DIRECTIONS FOR THIS TASK: Leave every picture out and print exactly the lines that run from the one containing "MAZDA3昂克赛拉全系8." to the end of the listing.

=== Section Start ===

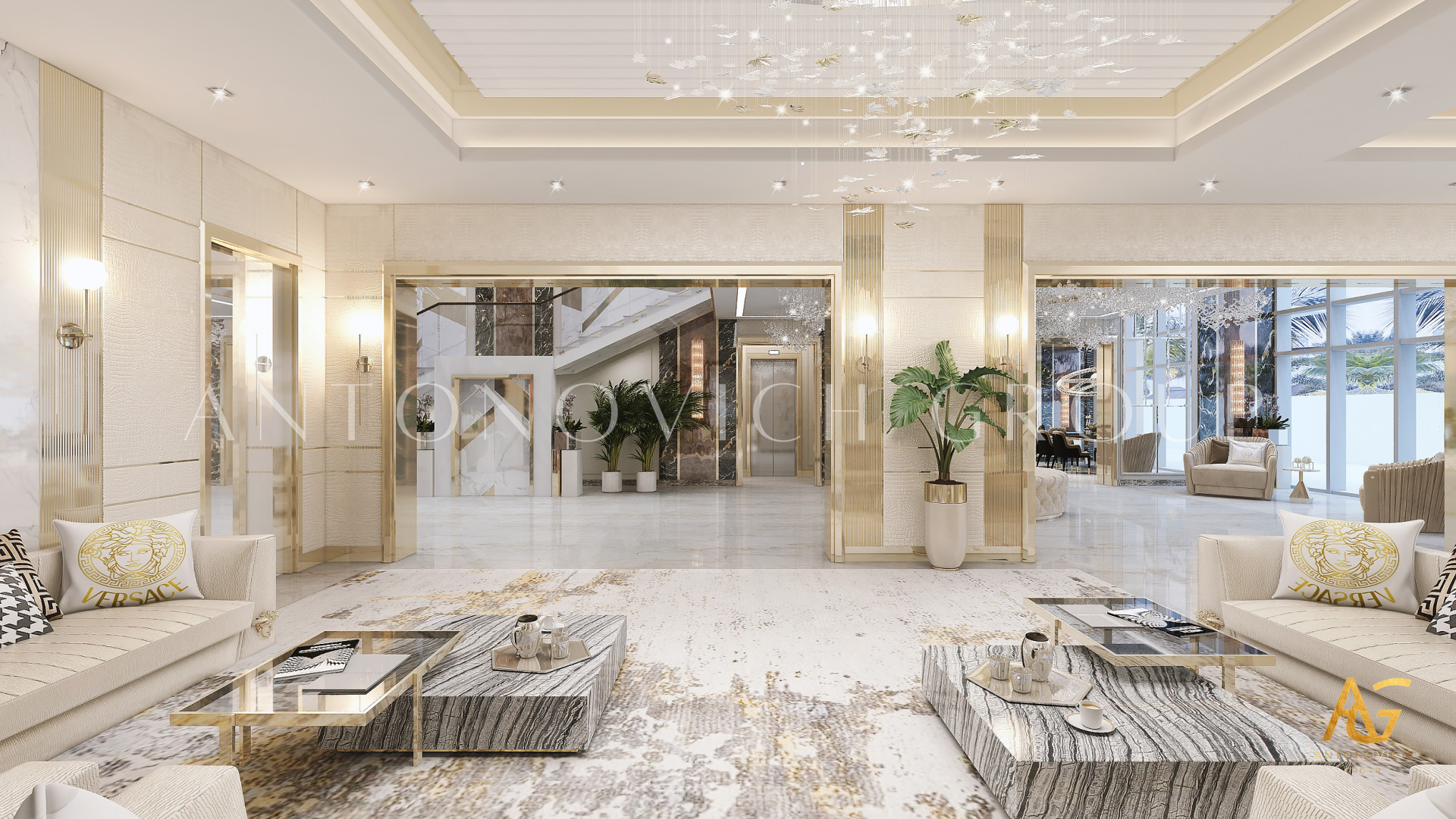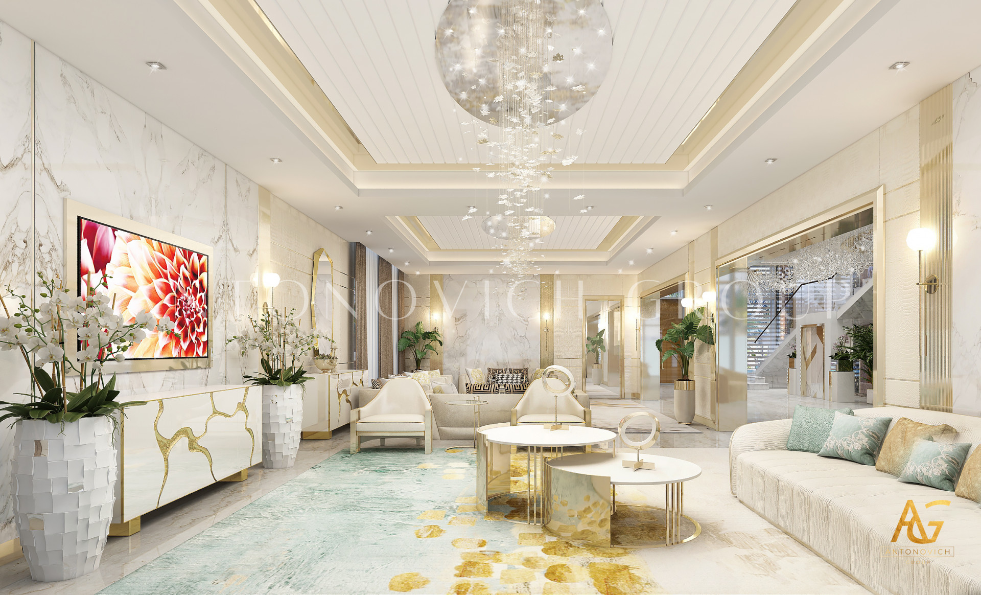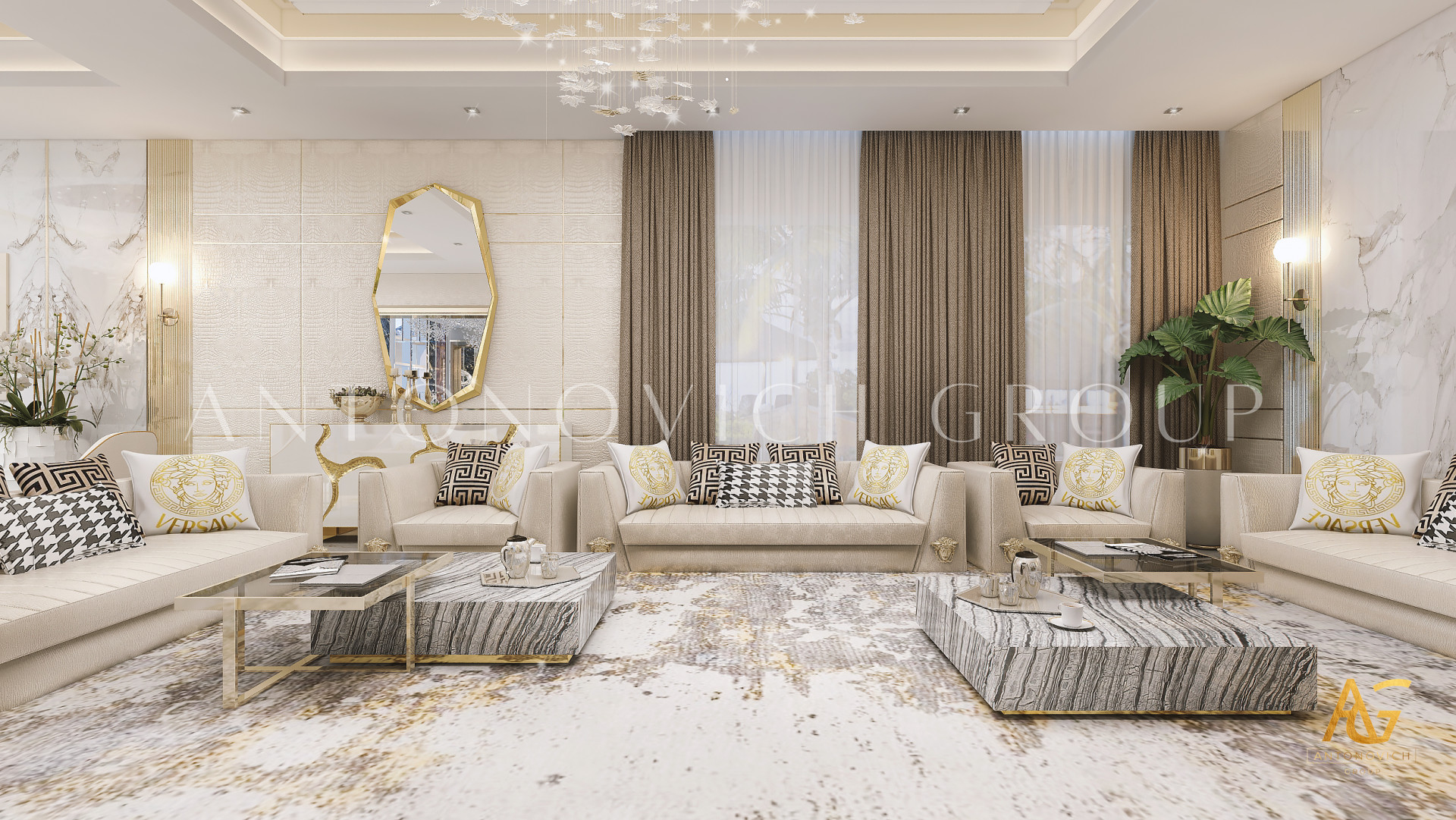 We pay a lot of attention to house architecture. House is a place where you find harmony, where you relax and spend time with your family. A modern studio of the design ideas offers the most original and fresh trends that are popular in the interior. The original design of the Majlis from Luxury Antonovich Design Company impresses with the beautiful colors - a combination of gray and turquoise colors. These colors inspire and give good emotions. The professionals of global renowned added Majlis a little wind, waves and clear sky to Majlis interior design. The design of the space has played with joyful colors. The turquoise color in the interior of Majlis gives the charm and uniqueness to the room. Grey tint envelops the room with comfort, making it more sophisticated. The geometric patterns on the floor and walls diluted a minimalistic style. The patterns are a certain highlight. Through a variety of options, the lines are perfectly combined with the interior. The geometric patterns help to create a space that looks modern. An upholstered furniture is made from the high quality materials and its beautiful view shows a sophisticated design taste of the homeowners. An essential attribute of any interior is the chandelier. The look of the whole interior depends on the selected chandelier. The masters of their craft selected quite an unusual chandelier, which catches the views of others. You will spend your free time with pleasure in such atmosphere, gain strength and energy every day. Majlis is a place that inspires.
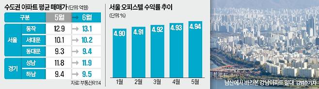 서울 오피스텔 수익률은 올 1월 4.90%를 기록한 이후 5개월 연속 증가세다. 전세 사기 이후 ‘전세의 월세화’ 현상으로 월세가 가파르게 올라서다. 윤수민 농협은행 부동산전문위원은 “서울 업무지구 접근성이 좋은 지역이 새 오피스텔 선호도가 높다”며 “금리 인하 기대로 월세 수익률은 더 높아질 것”으로 내다봤다.
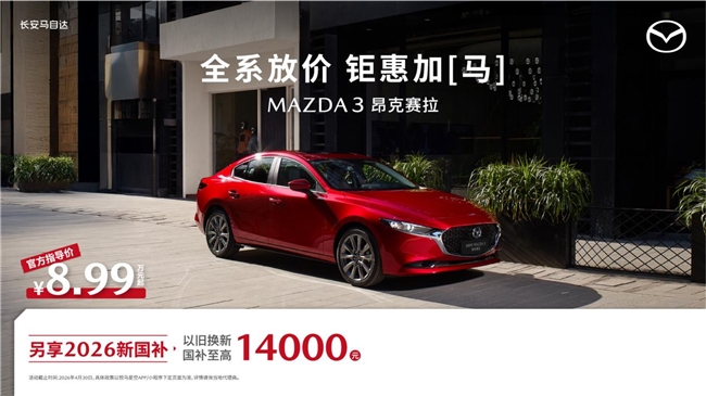 MAZDA3昂克赛拉全系8.99万起,购车可享至高14,000元以旧换新国补,是年轻群体城市通勤、周末短途出游的首选;
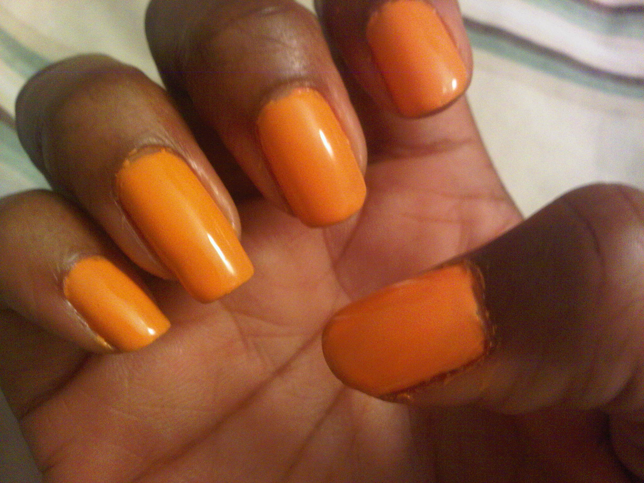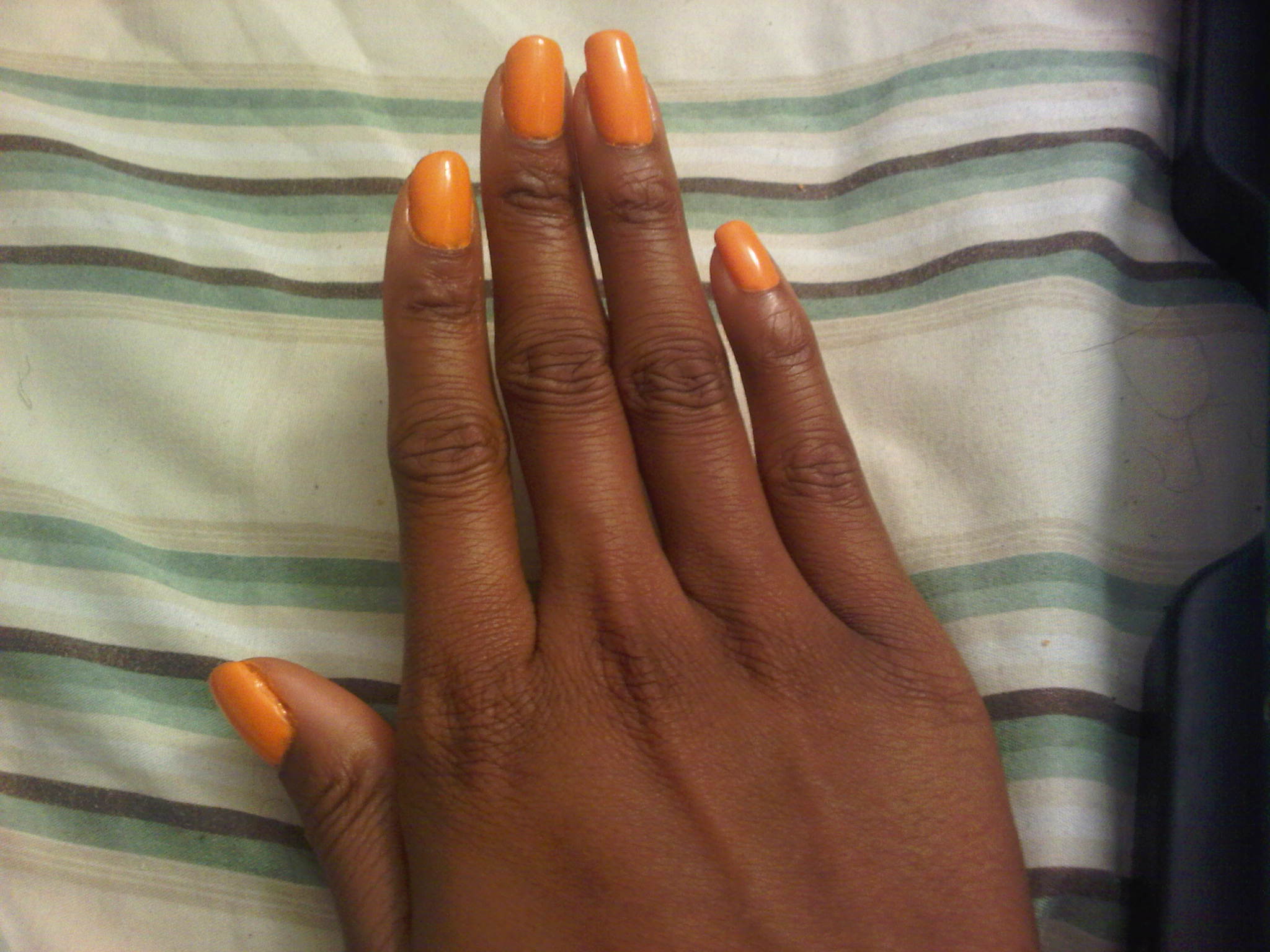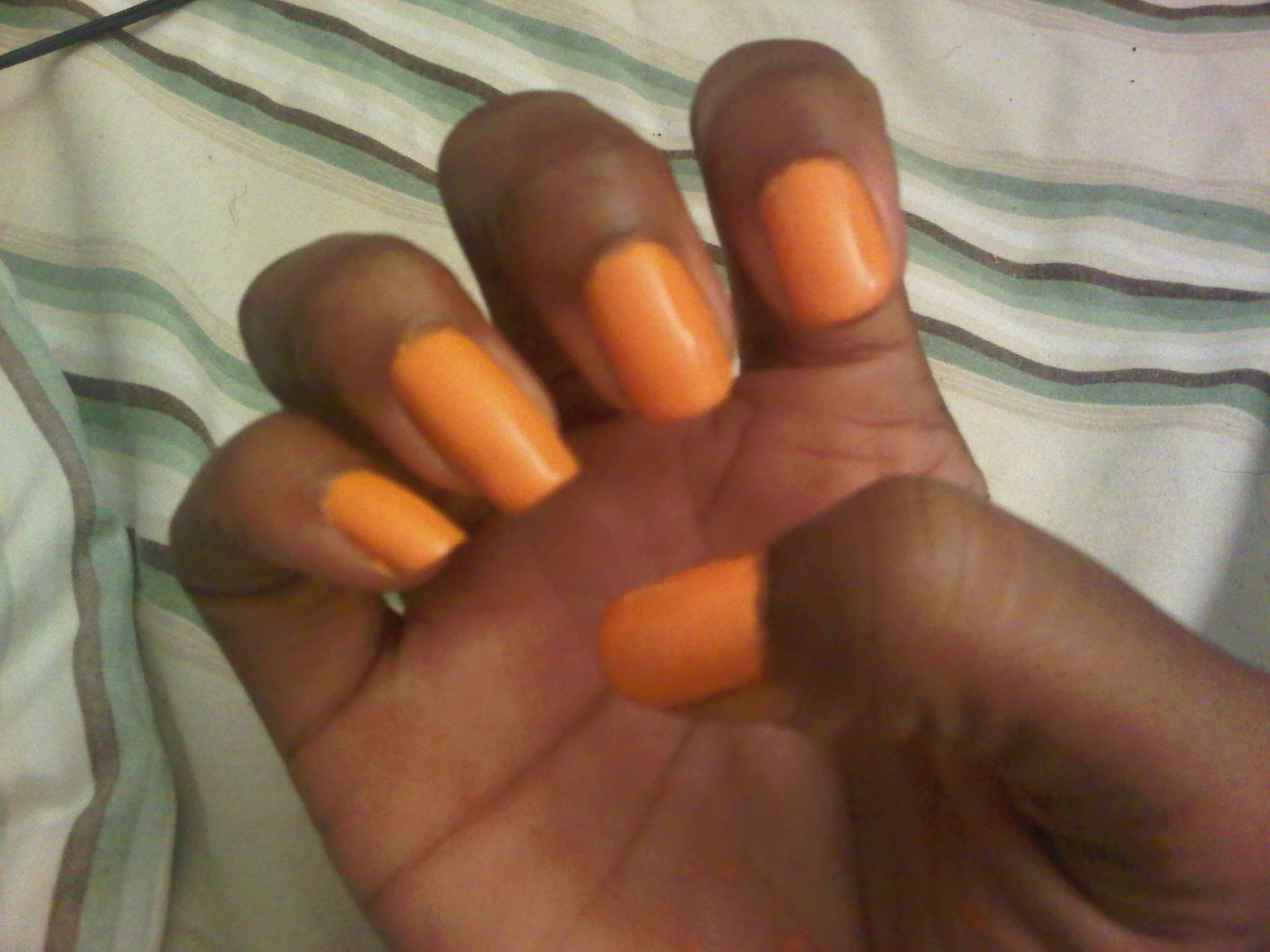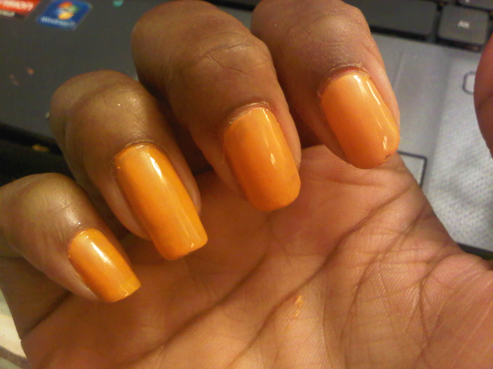 Greetings!! Really quick post tonight guys, because this headache is toooo real but I just had to come on and update you all while I had a few minutes. So, I changed my nail color again. Even though it has been less than a week, and I loved my last colors, I have been itching to see what this color looked like on my nails, so I gave it a go. Its not one of my bright ‘see-it-from-across-the-room’ colors, but I like the change, It was decent coverage, two coats got it just the way I wanted, but even one coat was wearable. It had a nice creamy texture, and did not go on streaky at all, quite a good quality for the price.I must say its not exactly the color I was picturing to go with the name. When I hear the name ‘Sunny Side Up’, I was more picturing something this creamy, but more along the yellowish side rather than an orange sherbert/sorbet kind of color, but still really pretty. Anyway, have a look 🙂 :
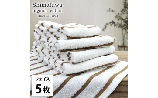 【フェイスタオル5枚組】オーガニックコットンフェイスタオル(34×80cm) しまふわBR-F5
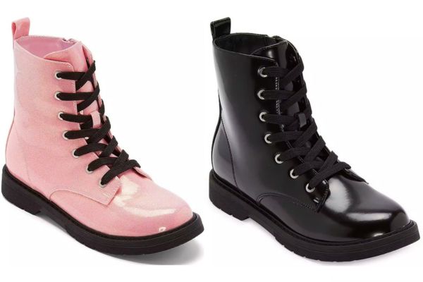 Every step is important, so let her make a statement in Thereabouts Little and Big Girl Combat Boots. These lace-up boots have a glossy patent leather-look profile, minimal silhouette, and closed toe. They also feature a memory foam insole and flatted block heels that provide a little lift and are cushioned for comfort. Wear them with everything from jeans to dresses.

=== Section End ===

SOLVED PROBLEM:
 MAZDA3昂克赛拉全系8.99万起,购车可享至高14,000元以旧换新国补,是年轻群体城市通勤、周末短途出游的首选;
 Greetings!! Really quick post tonight guys, because this headache is toooo real but I just had to come on and update you all while I had a few minutes. So, I changed my nail color again. Even though it has been less than a week, and I loved my last colors, I have been itching to see what this color looked like on my nails, so I gave it a go. Its not one of my bright ‘see-it-from-across-the-room’ colors, but I like the change, It was decent coverage, two coats got it just the way I wanted, but even one coat was wearable. It had a nice creamy texture, and did not go on streaky at all, quite a good quality for the price.I must say its not exactly the color I was picturing to go with the name. When I hear the name ‘Sunny Side Up’, I was more picturing something this creamy, but more along the yellowish side rather than an orange sherbert/sorbet kind of color, but still really pretty. Anyway, have a look 🙂 :
 【フェイスタオル5枚組】オーガニックコットンフェイスタオル(34×80cm) しまふわBR-F5
 Every step is important, so let her make a statement in Thereabouts Little and Big Girl Combat Boots. These lace-up boots have a glossy patent leather-look profile, minimal silhouette, and closed toe. They also feature a memory foam insole and flatted block heels that provide a little lift and are cushioned for comfort. Wear them with everything from jeans to dresses.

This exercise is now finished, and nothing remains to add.